The HPMA is also coordinating with the State of Hawaii Health Planning Development Agency to establish a family-physician medical school and residency program in part designed for master's-level graduates in psychology or social work enrolled at the School of Psychology at the University of Hawaii. Program supporters believe that these graduates would be better trained to address the substance abuse and mental health problems that predominate in rural, low-income settings where psychiatrists and mental health professionals are in short supply.

“These would still not be the specialists in mental health, but they would be better able to respond and triage and refer patients to a psychiatrist when necessary.” The graduates would be licensed physicians with a background in psychology, Hemmings said.

Return of Bill Likely

A psychologist-prescribing bill is likely to return in future legislative sessions. The 2006 version would have required psychopharmacological training from an institution of higher learning approved by the state psychology board. It also would have required a one-year supervised practicum involving 400 hours treating at least 100 patients with mental disorders. The practicum was to be supervised by a “licensed health care provider who is experienced in the provision of psychopharmacotherapy” (Psychiatric News, April 7). The prescriptive authority would have sunset in 2013 unless legislators extended it.
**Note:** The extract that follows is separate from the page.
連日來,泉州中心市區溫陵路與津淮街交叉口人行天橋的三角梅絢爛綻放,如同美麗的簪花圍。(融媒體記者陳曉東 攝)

The bill's supporters, including the Hawaii Psychological Association and the Hawaii Primary Care Association—composed of directors of the state's community health centers—said it would benefit patients at rural community health centers who can wait from six weeks to three months to see a psychiatrist. They noted that in 2004 only six psychiatrists served in three of Hawaii's 13 community health centers, compared with 10 psychologists who served in nine of the centers.

Centers Avoid Hiring Psychiatrists

Hawaii psychiatrists and other physicians said that the access problem stems in part from the refusal of community health centers to hire psychiatrists. The claims that psychologist prescribing would provide cost-effective assistance ignores the likely need for an expensive quality-assurance system for the new prescribing group, money that would be better spent hiring a psychiatrist in every clinic, said opponents of the bill.
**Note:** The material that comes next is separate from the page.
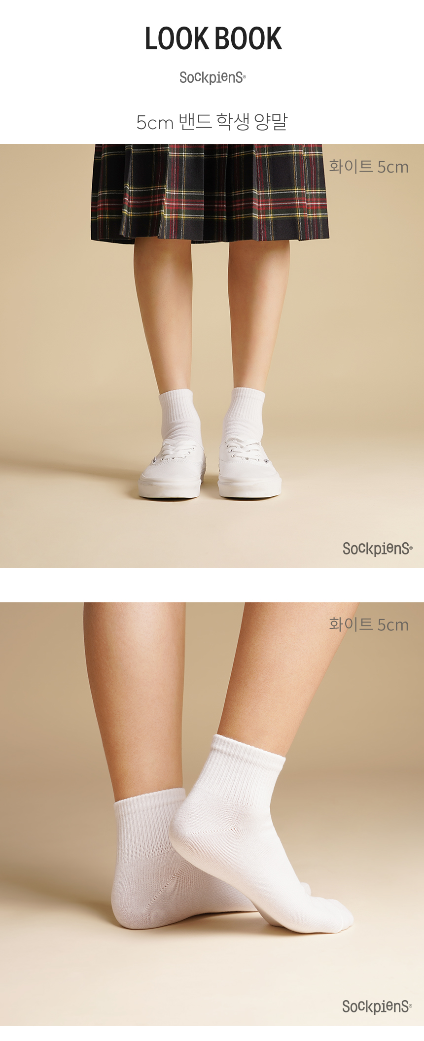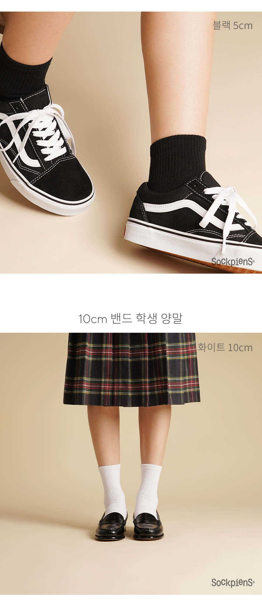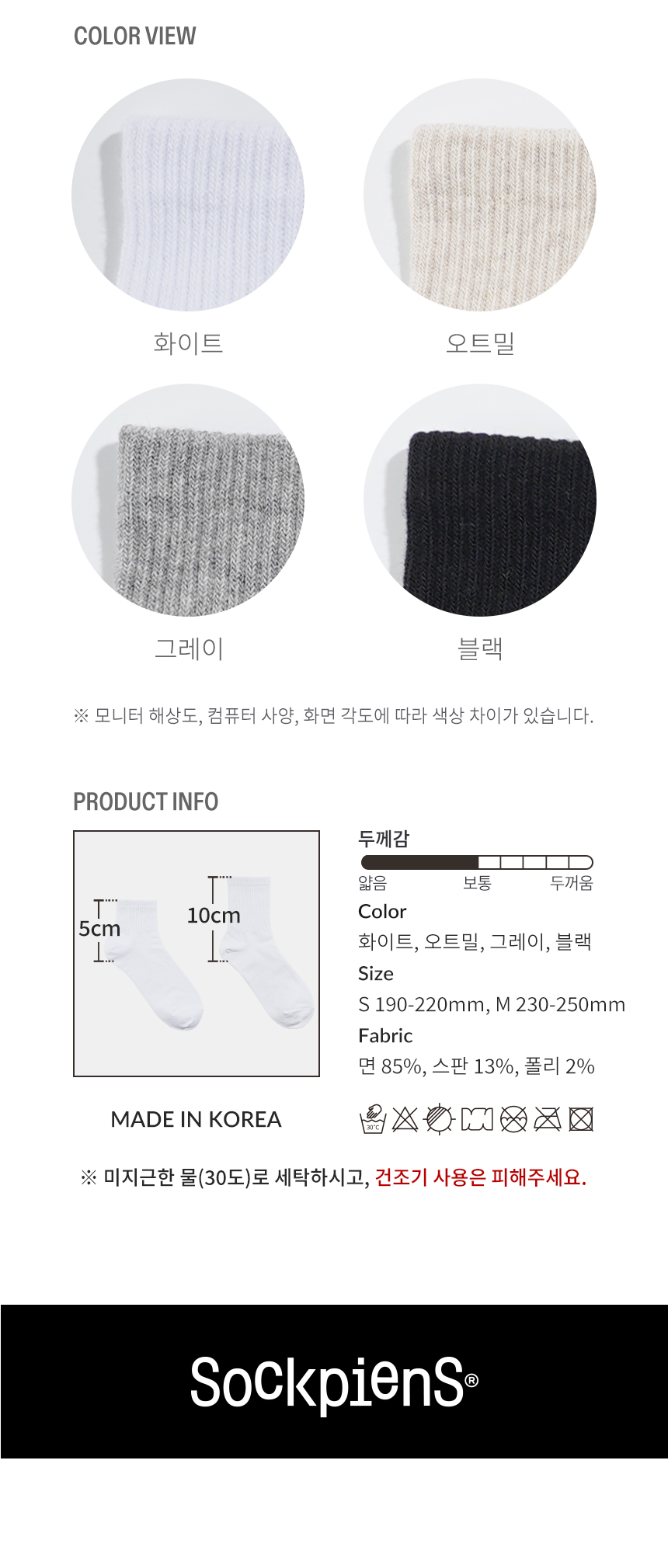 [8팩] 5cm 10cm 밴드 무지 단중목 양말

Hawaii psychiatrist Jeffrey Akaka, M.D., who lobbied against the bill, compared it to allowing “trained mechanics who never went to pilot school [to fly] a gassed-up Boeing 767 full of passengers.”

“It doesn't matter if the mechanic spent seven years studying how to repair airplane-cabin cooling systems or reading pilot journals. Nothing short of pilot school with thousands of hours of training under the supervision of pilots gets you a commercial pilot's license to fly human beings,” he said

In a letter to Hawaii state senators, the American Osteopathic Association wrote that “effective use of medications to treat brain disorders requires medical training with a thorough understanding of physiology, chemistry, drug interactions, and medical problems that may masquerade as or cause brain malfunctions.”

House members sought to limit potential dangers of psychologist prescribing by amending the bill to limit allowed medications under an “exclusionary formulary” to antidepressants, benzodiazepines, and possibly Ritalin and barbiturates.

The Senate's Committee on Health approved the bill, but the Committee on Commerce, Consumer Protection, and Housing took no action, stalling its progress.

The HPMA has opposed psychologist prescribing for more than 20 years. It has fought 25 psychology prescribing bills in that time.

A copy of the nonbinding resolution is posted at<www.capitol.hawaii.gov/site1/docs/getstatus.asp?qu=SCR113&showstatus=on&showtext=on&showcommrpt=on&press1=docs>.